Challenge Description
One way to optimize performance is to monitor the balance between exertion and regeneration. Force8 has been monitoring the data of the athletes collected over longer time periods.
The challenge is to identify a predictive pattern in the data that could help explain performance in the competition.
Challenge Owner
Force8 & Swissski make up the National Ski Swiss Federation that helps athletes to develop and is always looking for ways to optimize their performance. Force8 provides the athlete management system for Swissski and manages the data on the athletes.
Solution
Pitch
The observations derived from a REST questionnaire about training intensity and mood date back several years. The questions mainly addressed physical and psychological aspects and were worded differently each time to make them more interesting.
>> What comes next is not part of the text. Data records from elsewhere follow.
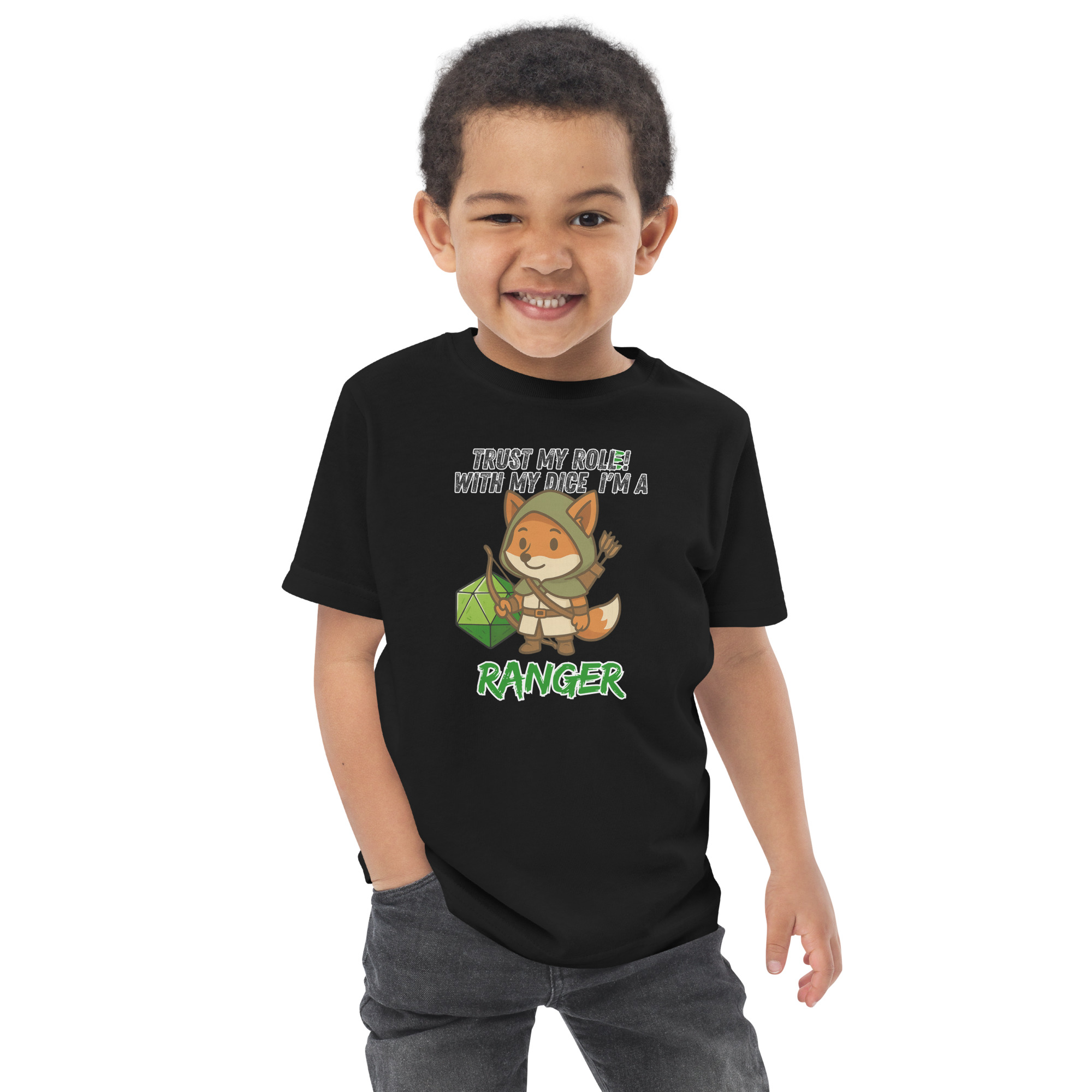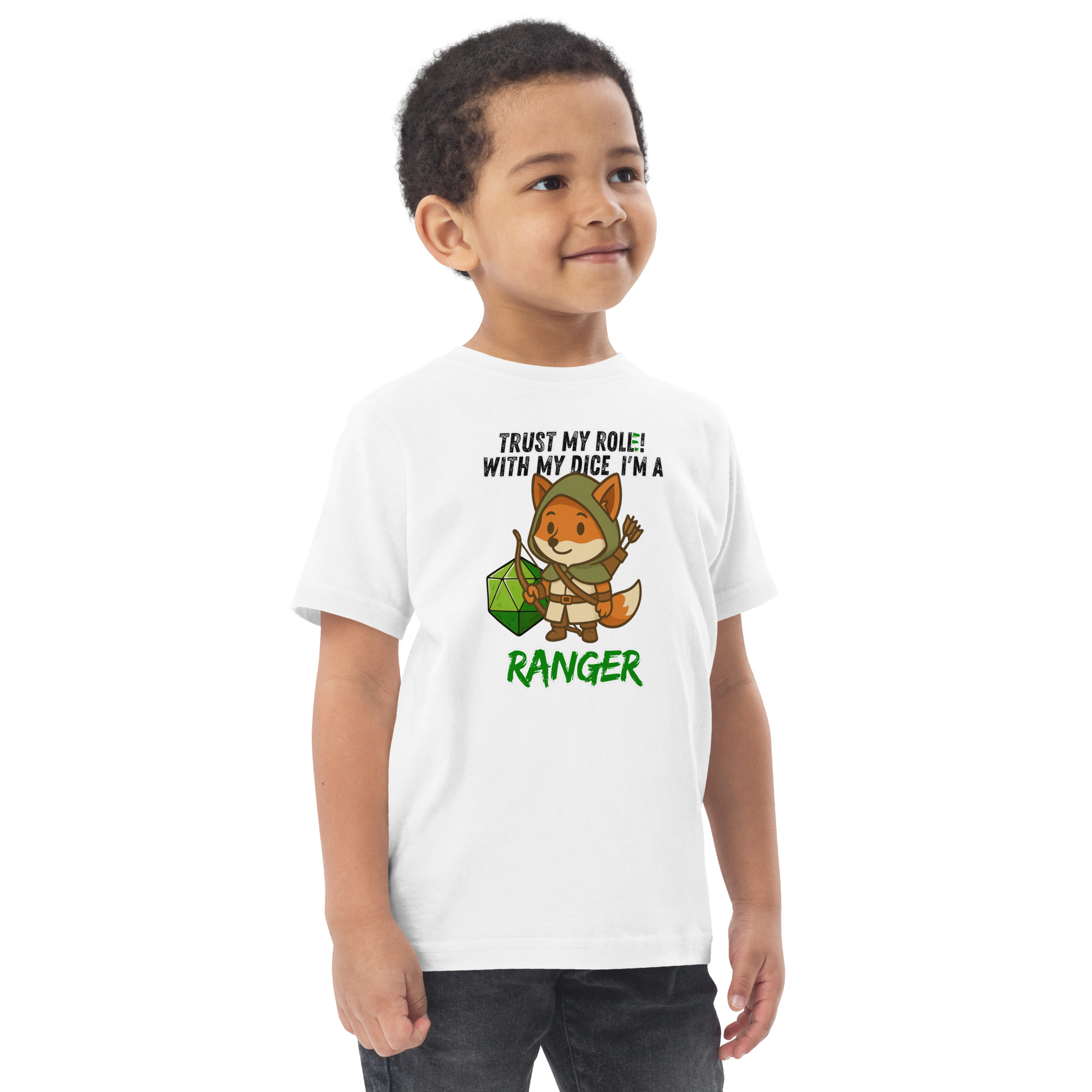 Vertraue seinem Wurf! Mit seinem Bogen und seinem W20 ist er treffsicher wie kaum ein anderer. Dieses Design ist Teil der “DiceFox – Trust my roll(e)” Serie.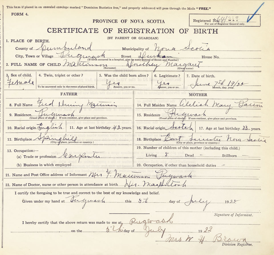 21. Name and Post Office address of Informant Mrs. F Mattinsen Pugwash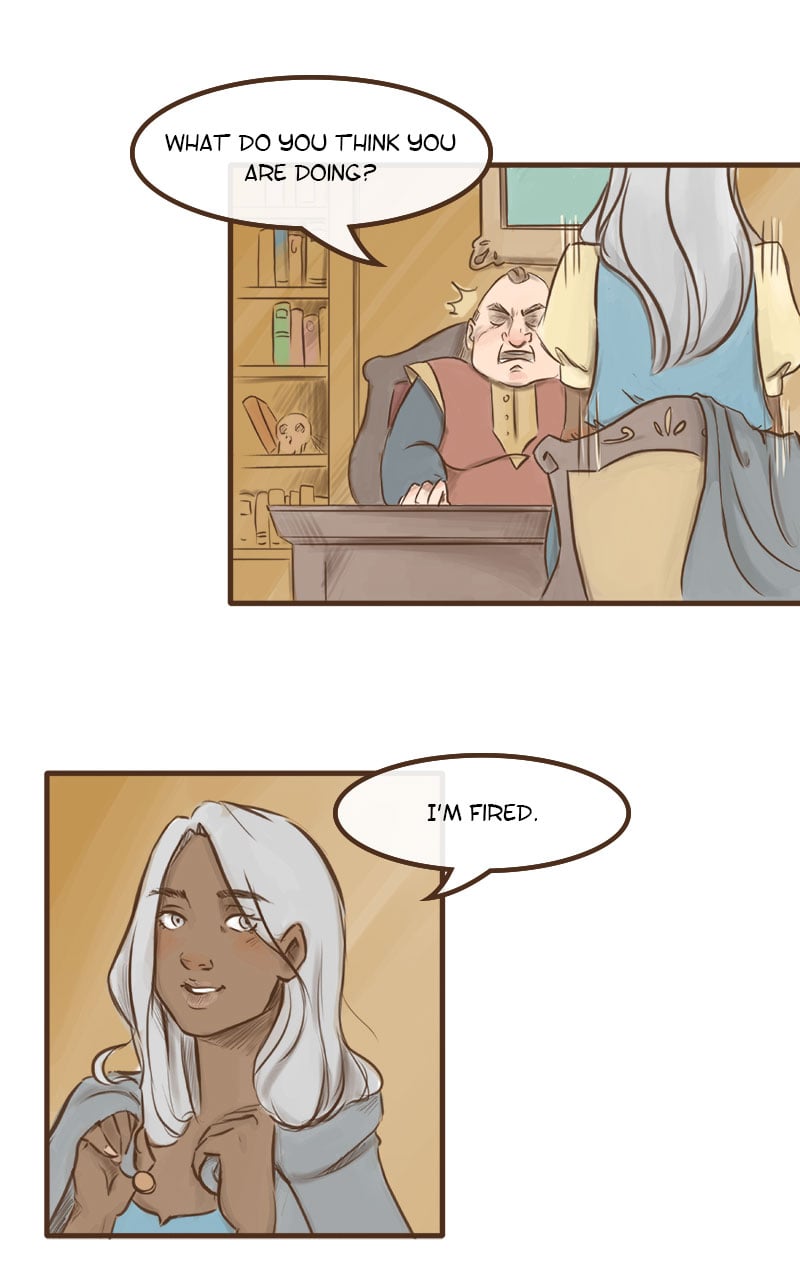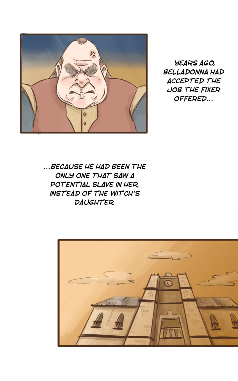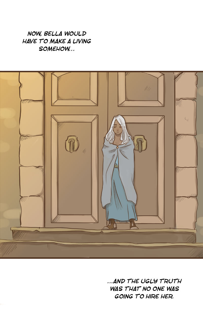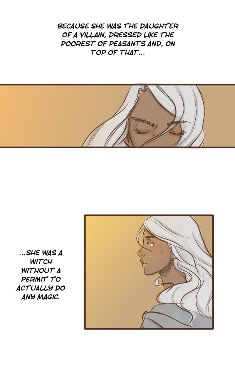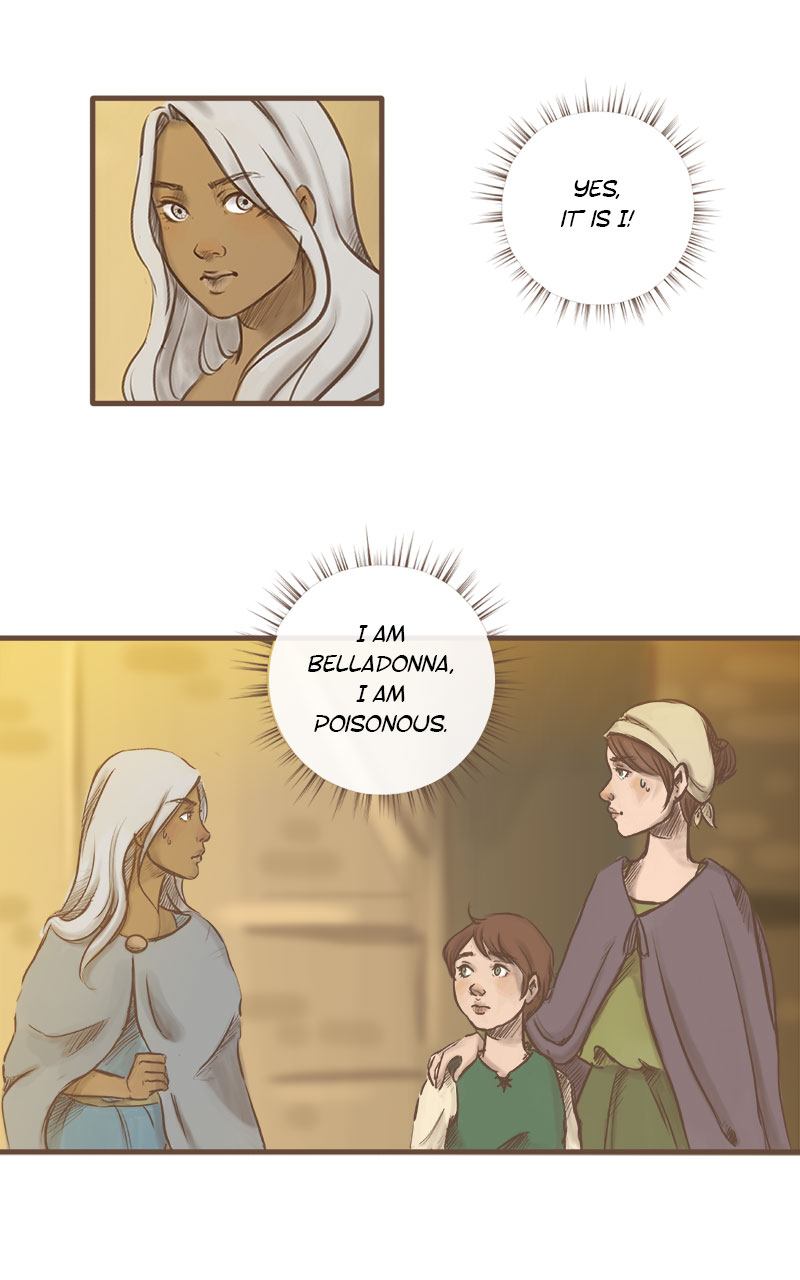 "My mistakes are not yours." Belladonna is a young witch without a license to do magic. She tries to make a living in a world that still remembers the cruelty of her mother, The Bane of the East, the infamous witch who terrorized the king and his army for years. The only one who didn't fear her -and might help Belladonna out- is Rhys, the villain's former apprentice...

The answers were collected twice a week. The performance of the athletes is available for the different events during the year. The goal was to use questionnaire data to predict the injuries an athlete might sustain during an event or training session and to gauge the performance based on the subjective data from the questionnaire.
We used logistic regression and Random Forest models to predict athlete’s injuries based on the most important factors such as mood, sleep, muscle pain, training intensity, and fatigue. We found that the Random Forest model was more accurate. One major challenge was to change the data into a suitable form. To predict the questionnaires' current values (Pat), we enriched the injury value of the next timestep (It+1). The models now predict if the athletes will suffer an injury in the next three days based on the answer from the current questionnaires.
While testing the models, we discovered a lack of memorization from previous questionnaires. We enriched the current features (Pat) with the previous values of the questionnaires (Pat-1) to memorize them and used this step to add a trend component to the models.
Enriching the features with this additional time step improved our RandomForestClassifier to a precision of 0.94 and a recall of 0.32. The model is still conservative, but if it predicts an injury, athletes should reduce their training or similar actions. We also identified the most important features (age and training intensity). Although age strongly affects predicting an injury, we think it is not age itself that influences the prediction. Age is more likely an indicator of the current position of an athlete’s life cycle. An athlete in the middle or end of his career is more likely to train more intensively or take more risk to improve performance than a young athlete. This can result in a higher chance of an injury.